The great palace of Caserta, near Naples, probably the largest building erected in Europe in the eighteenth century, became an archetypal expression of absolute monarchy. It was begun in 1752 for Carlo di Borbone, King of the Two Sicilies, who worked closely with its chief architect, Luigi Vanvitelli. Although Vanvitelli was one of the most notable architects of his century, as Caserta was one of its major buildings, this study by a leading scholar of Baroque and Neapolitan architecture is the first book in English on the architect and his masterpiece. The book offers a new view of the palatial and megapalatial in architecture.
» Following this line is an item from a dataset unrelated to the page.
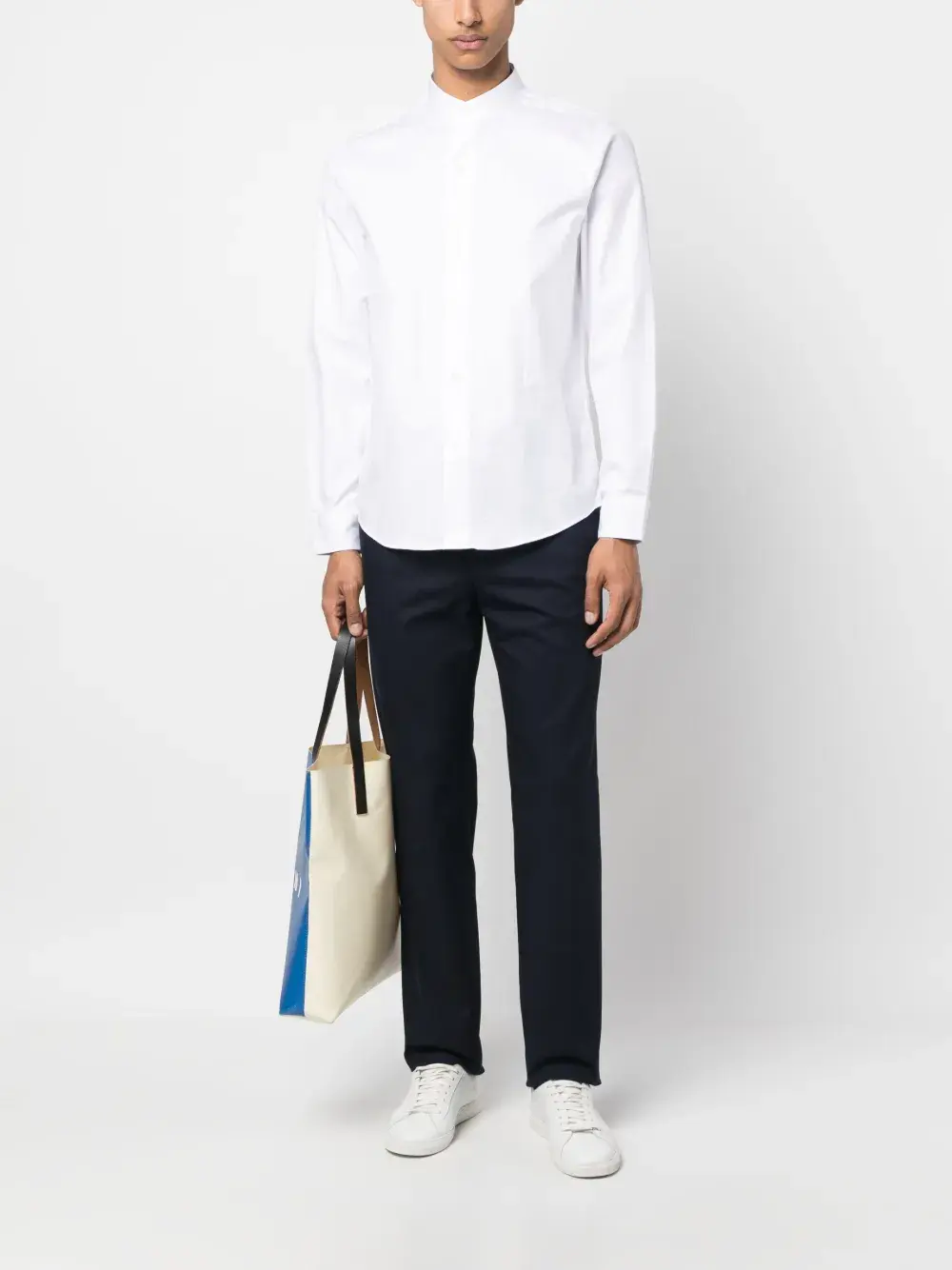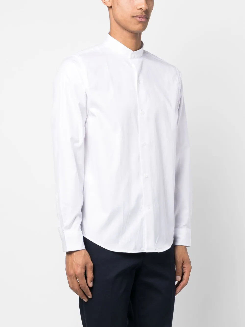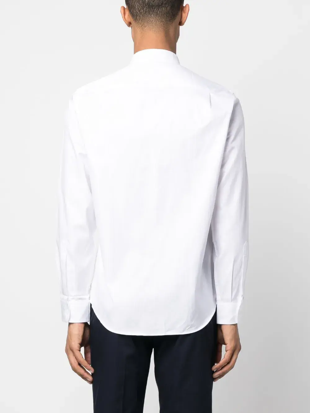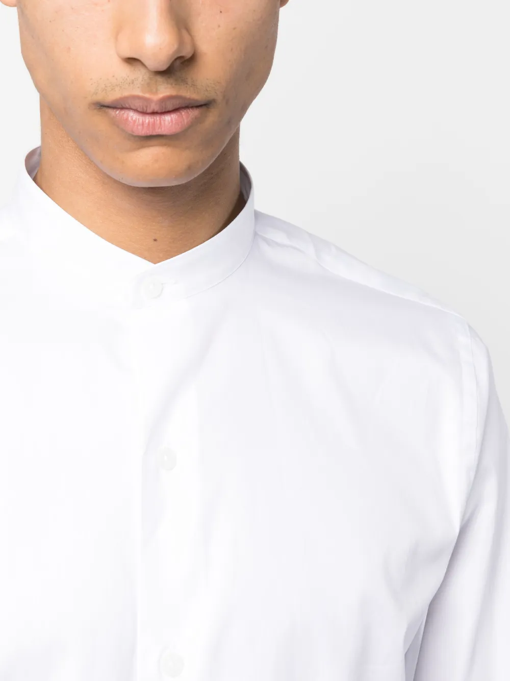 Белый, хлопок, без воротника, застежка на пуговицах спереди, длинные рукава, манжеты на пуговицах и закругленный подол.

Although the monarch for whom it was built never spent a night under its roof, Caserta was designed to provide the royal family and the court with a grand residence and more. It was also intended to house the offices of the government bureaucracy, barracks, a national library, a university, and a national theater - not only to symbolize but to contain the organs of a large modern state. Caserta influenced much that came after: plans by Boullée for a new Versailles to return pride of size to France, buildings in both Imperial and Soviet Russia, palaces of the later British Empire, even the Pentagon. As Hersey notes, "if Carlo di Borbone could return from the grave and rule the United States, he would move the seat of executive power from the White House to the Pentagon." The book also provides intriguing insights into the relationships between poetry - painted and sculptured allegories - and number - architectural planning that has become a geometrical game. It sketches the intellectual background of Carlo's conception, emphasizing the king's mythical forebears and his love of mathematical order. It shows that the Neapolitan poet and philosopher, Giambattista Vico, influenced the king to incorporate such mythic figures as Hercules and Aeneas into his genealogy and Vanvitelli to introduce their likenesses into Caserta's art, which is in turn integrated with the geometry of the palace's gardens and the numerical sequences of its rooms.